MLOps·ML System Design·Hard
Frame a Home-Page Recommendation System End to End
Asked at Netflix, Spotify, Amazon
You are the ML lead for a subscription streaming platform with 40 million subscribers. Your team owns the home-page recommendation system. Currently, the page shows a mix of editorial rows ("Popular this week," "New releases") and a lightly personalized row based on a 3-year-old collaborative filtering model.
The VP of Product gives you a loosely defined mandate: "Make the home page better." Walk through five framing decisions in sequence. Do not jump ahead — the answer to each decision should constrain the next.
- What business objective should this system serve?
- Is ML the right tool? Name a non-ML baseline you would still compare against.
- Complete the framing stack: product outcome, model goal, decision policy.
- What proxy label would you choose, and what is its biggest downside?

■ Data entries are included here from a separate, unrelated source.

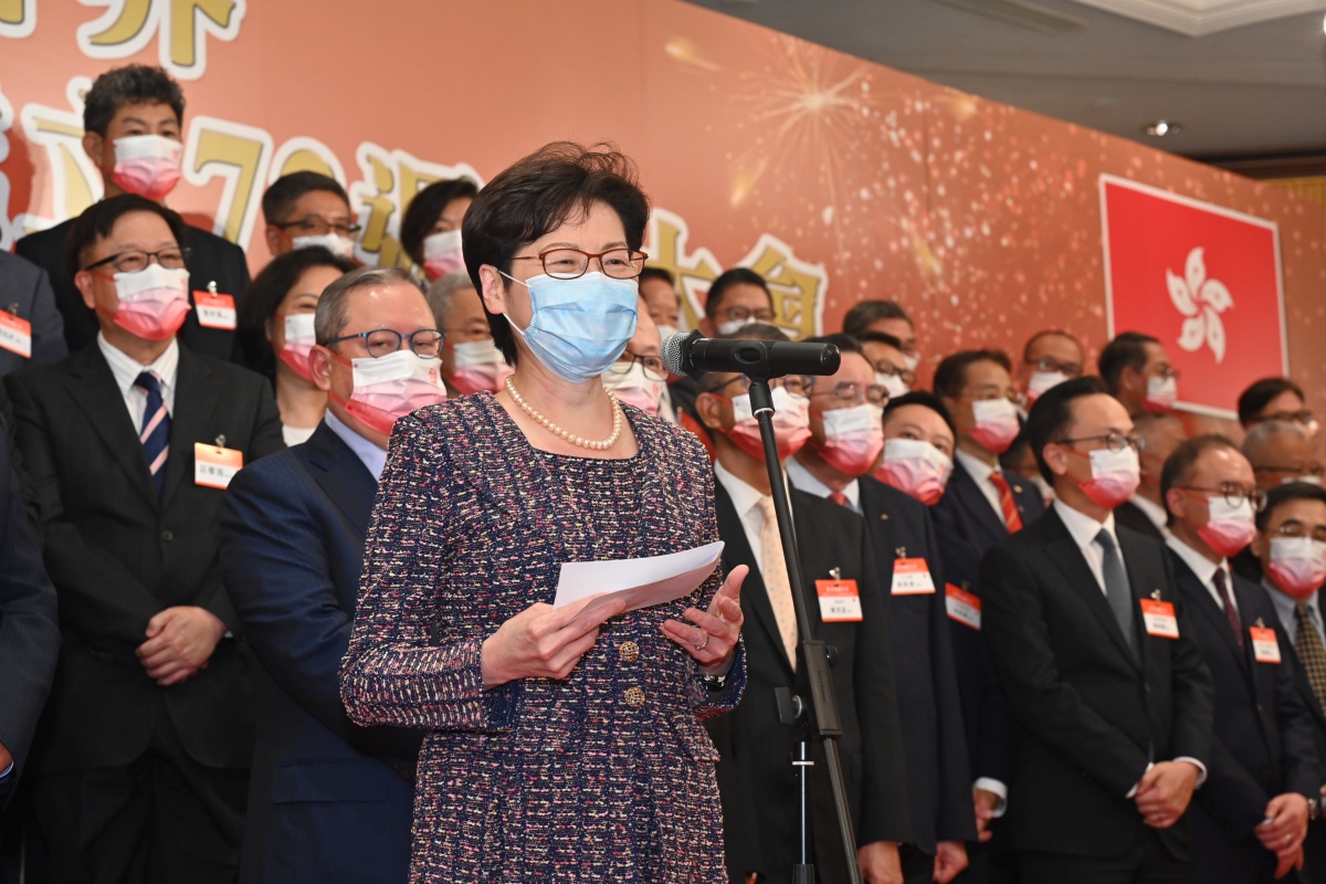 香港潮屬社團總會今日(28日)傍晚舉行「香港潮屬各界慶祝中華人民共和國成立72周年酒會」,行政長官林鄭月娥、駐港國安公署署長鄭雁雄、香港中聯辦副主任何靖、政務司司長李家超、律政司司長鄭若驊等出席。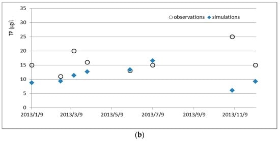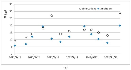 The TP simulation results. (a) The model calibration using the 2012 data, and (b) the model validation using the 2013 data.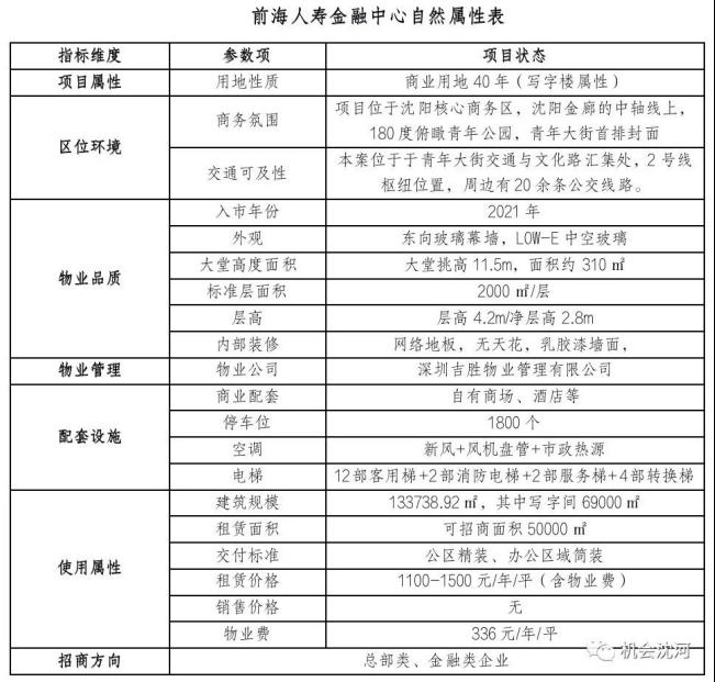 项目简介:前海人寿金融中心是前海人寿不动产管理平台进驻东北区域的首个商务标杆作品。项目建筑规模13万余平方米,其中写字间近7万平方米,目前可招商面积5万平方米,租赁价格1100-1500元/年/平(含物业费)。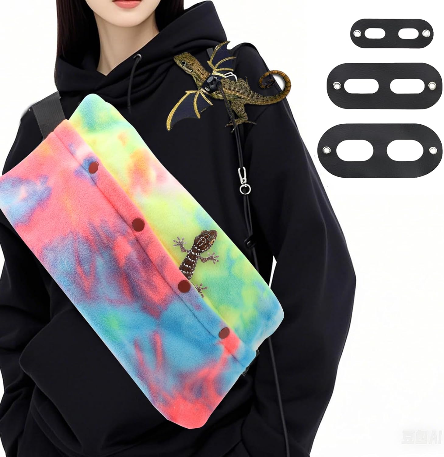 Bearded Dragon Leash and Harness Set, Adjustable Bearded Dragon Carrier Sling Leash and Carrier, Lizard Reptile Small Pet Training Leashes and Beardie Snuggle Sling Bag for Outdoor Travel (Rainbow)

- What would you monitor in production — one business KPI, one model metric, one guardrail?
Follow-up ladder
- Rung 1: You discover the editorial rows outperform the personalized row on the primary KPI. What does this tell you about the current ML model, and how does it change your plan?
- Rung 2: Your model goes live. After 4 weeks, watch hours per subscriber increase 6%, but 30-day churn also increases 2%. How do you interpret this, and what do you do?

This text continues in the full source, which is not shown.